If I live, I’ll light a candle to the Goddess.
‘Crop circle coming up at two o’clock.’ Ed’s voice in the headphones. The helicopter lurches as three blond heads, a black ponytail and a bald spot all lean to the right to get a good look.
‘Jesus Christ, will you take the fucking camera off me, or we’ll miss it,’ snaps Steve, pushing the DVC in its sagging net towards me.
‘Relax,’ says Ed. ‘We’ll catch it on the way back.’ Almost as crazy as his friend Luke, who was drinking tequila shots last night in the pub, but fortunately more sober, and he seems to know what he’s doing. More than I can say for my esteemed director. For a moment I can feel sorry for Steve, trying to live up to his father, the famous name a curse tied to his inexperienced neck. I caught his expression while Ed and Luke were strapping me in, back on the ground. He looked like a little boy splashing in the bay, suddenly realizing that’s a big grey fin circling the lilo. Under other circumstances, this should have been fun, but he’s terrified we’ll fail to come back with any usable footage.
‘The best circles aren’t here, anyway, they’re at Alton Barnes,’ adds Ed, levelling the chopper. All I can see of him, if I
twist in my harness, is the back of his neck, dark brown hair sticking out under his headset and over his collar. Hair into which I laced my fingers last night. I close my eyes with the embarrassment of it: what was I thinking? And if I’d known he was married…‘I’m going to head north first, to fly over Avebury for these guys.’
My stomach lurches, my gut contracting with the scary falling feeling of coming home.
Avebury: state of mind as much as a landscape. The place my family came from, where my grandmother was born and brought up–until the old serpent entered Eden, as Frannie used to say. A place I never lived in, apart from a few weeks one long-ago summer, but entering the high banks that enclose stone circle and village has always felt, in some strange way, like coming home.
Below us, the summer fields are gold, ochre, tawny, separated by knotty threads of green hedgerow. I’m getting used to the dangling now; it’s almost–but only almost–exhilarating.
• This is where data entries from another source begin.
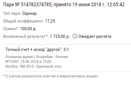 Суть конкурса довольно проста: до начала выбранного матча чемпионата мира участники делают реальную ставку на этот матч и оставляют скриншот этой ставки в комментариях к посту текущего игрового дня. По завершении игрового дня победителем признается участник, сделавший выигрышную ставку с самым высоким коэффициентом.
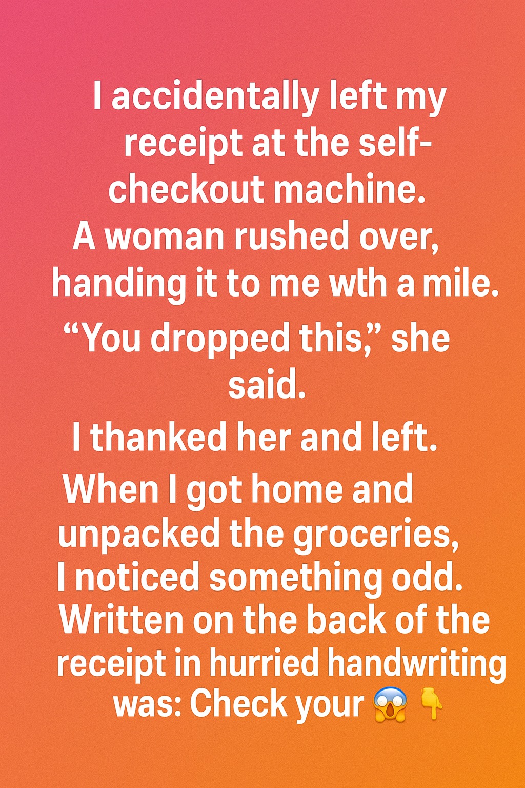 I accidentally left my receipt at the self-checkout machine. A woman rushed over, handing it to me with a warm smile. “You dropped this,” she said softly. I thanked her and left, thinking nothing of it. When I got home and began unpacking my groceries, I noticed something odd. Scrawled on the back of the receipt in hurried handwriting were the words: “Check your car trunk.”
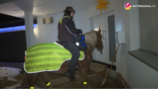 Zeitungszusteller trotzt Glätte auf dem Pferd
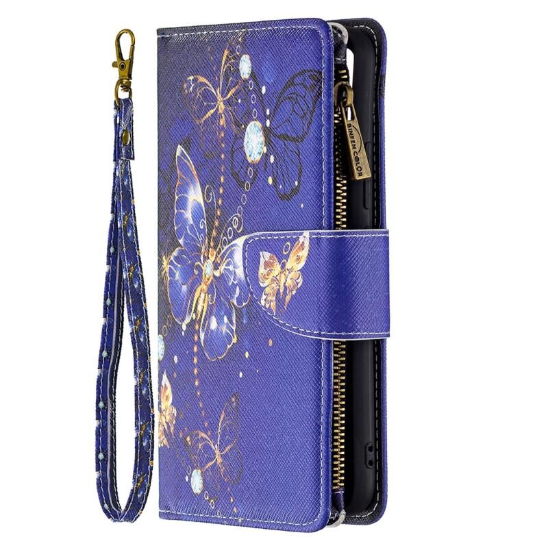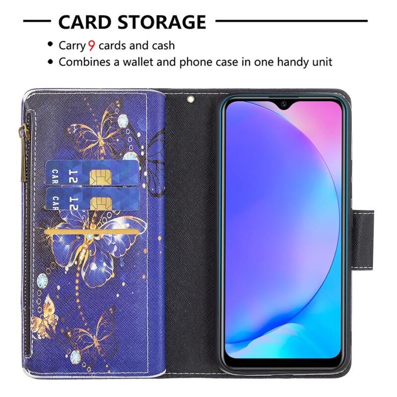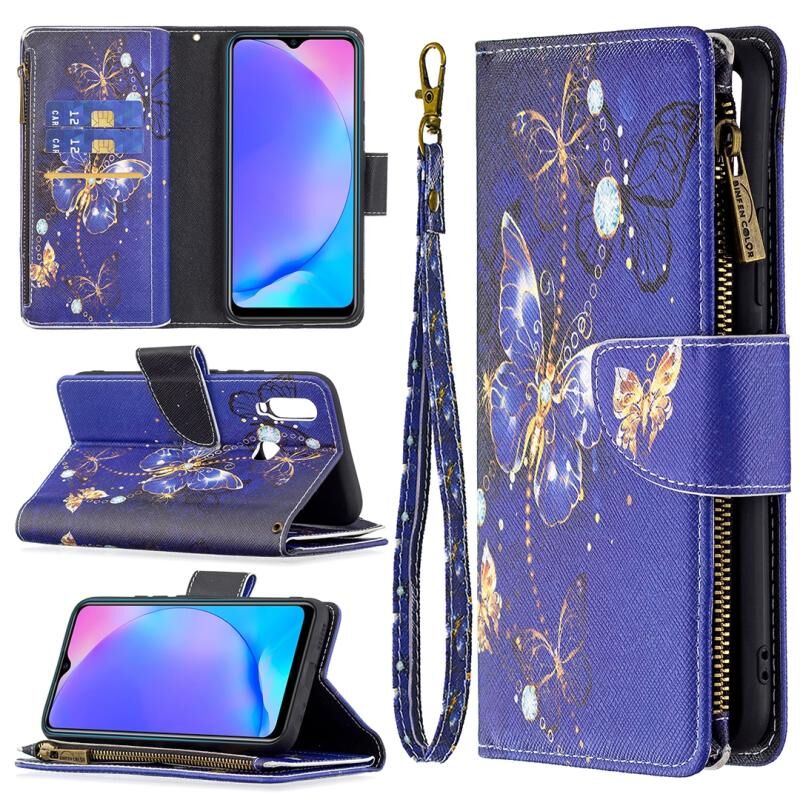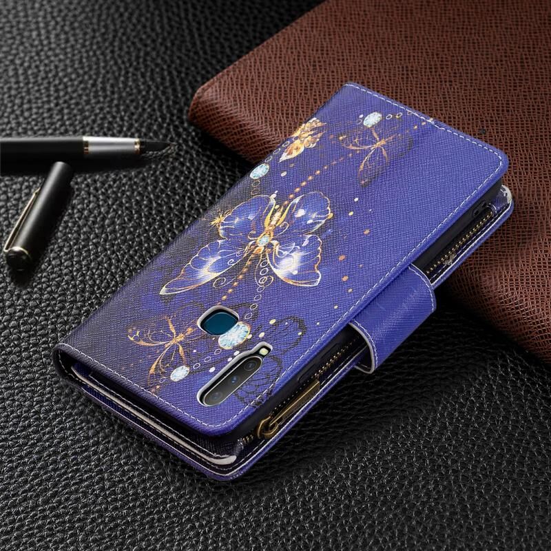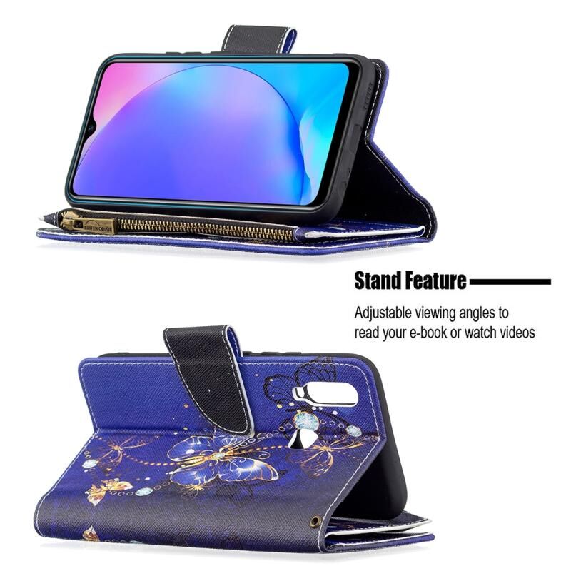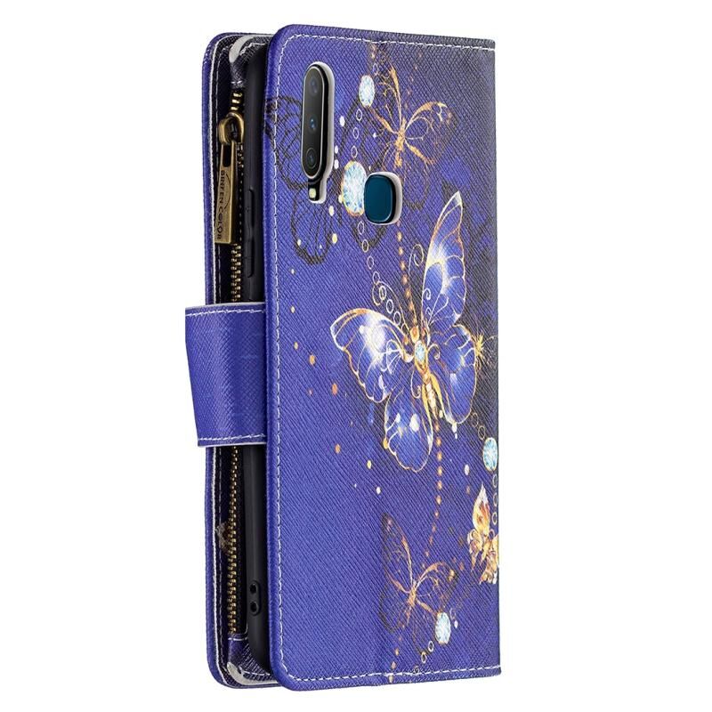 Θήκη δέρματος οριζόντιας αναδίπλωσης με φερμουάρ και σχέδια ζωγραφικής για vivo Y11/Y15/Y12/Y17 με βάση για κάρτες και πορτοφόλι (Μωβ Πεταλούδα)
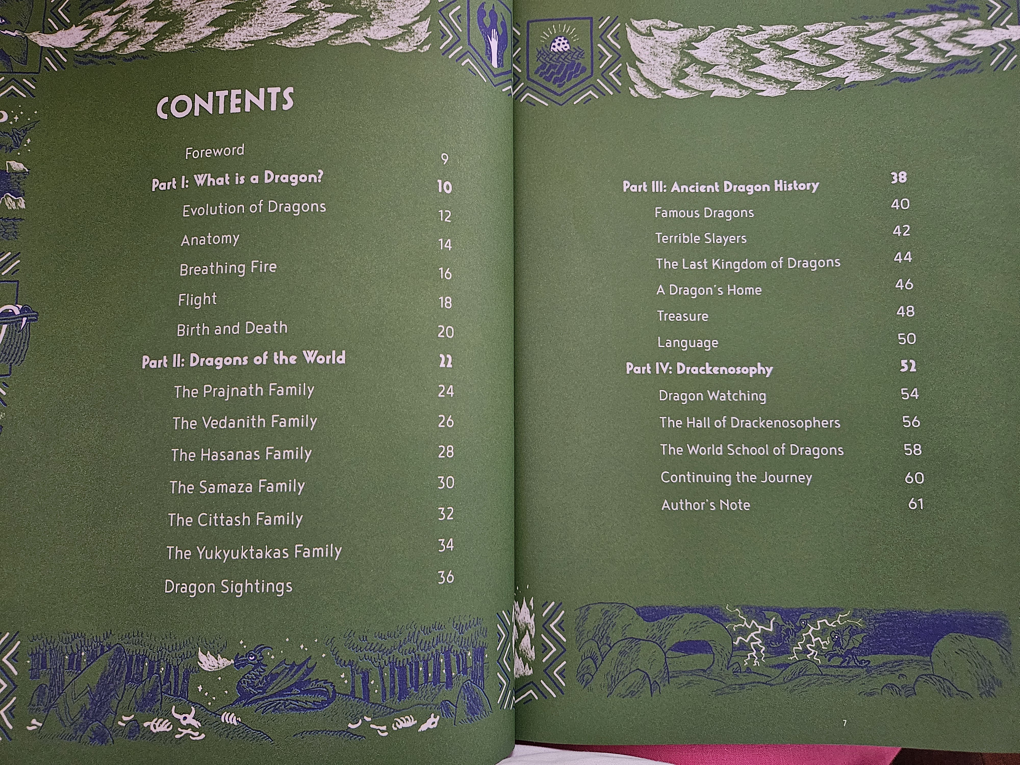 And as you can see by the extensive contents information, there is a veritable treasure trove of information that will satisfy every dracophile. Whether it’s breathing fire, various species, treasure hoards, flight vs flightless, reproduction or the studies of dragonology, it’s all here with glorious illustrations from Alexander Ulkin.

We fly over the Kennet and Avon canal, a brown ribbon winding away into the afternoon heat haze, little matchbox barges meandering along it, while the helicopter gains height to rise over the escarpment. I can see the long, double-ridged scar of the Wansdyke, an ancient Saxon boundary, bisecting the Downs, then the land folds and drops away and already there’s the ridiculous pudding that is Silbury Hill jutting out of the fog in the distance, so unmistakably not a natural feature that you can understand why CropCircleCruiseCompany makes money out of people convinced it was plonked there by aliens.
I bring the camera viewfinder up to my eye, and Steve’s hand grips my shoulder, helping to steady me while I get used to the weight.
‘Looks fabulous on the monitor,’ comes his tinny voice, breathless with relief. ‘We couldn’t be luckier with the weather, could we? Shame about the haze–makes the horizon a bit murky.’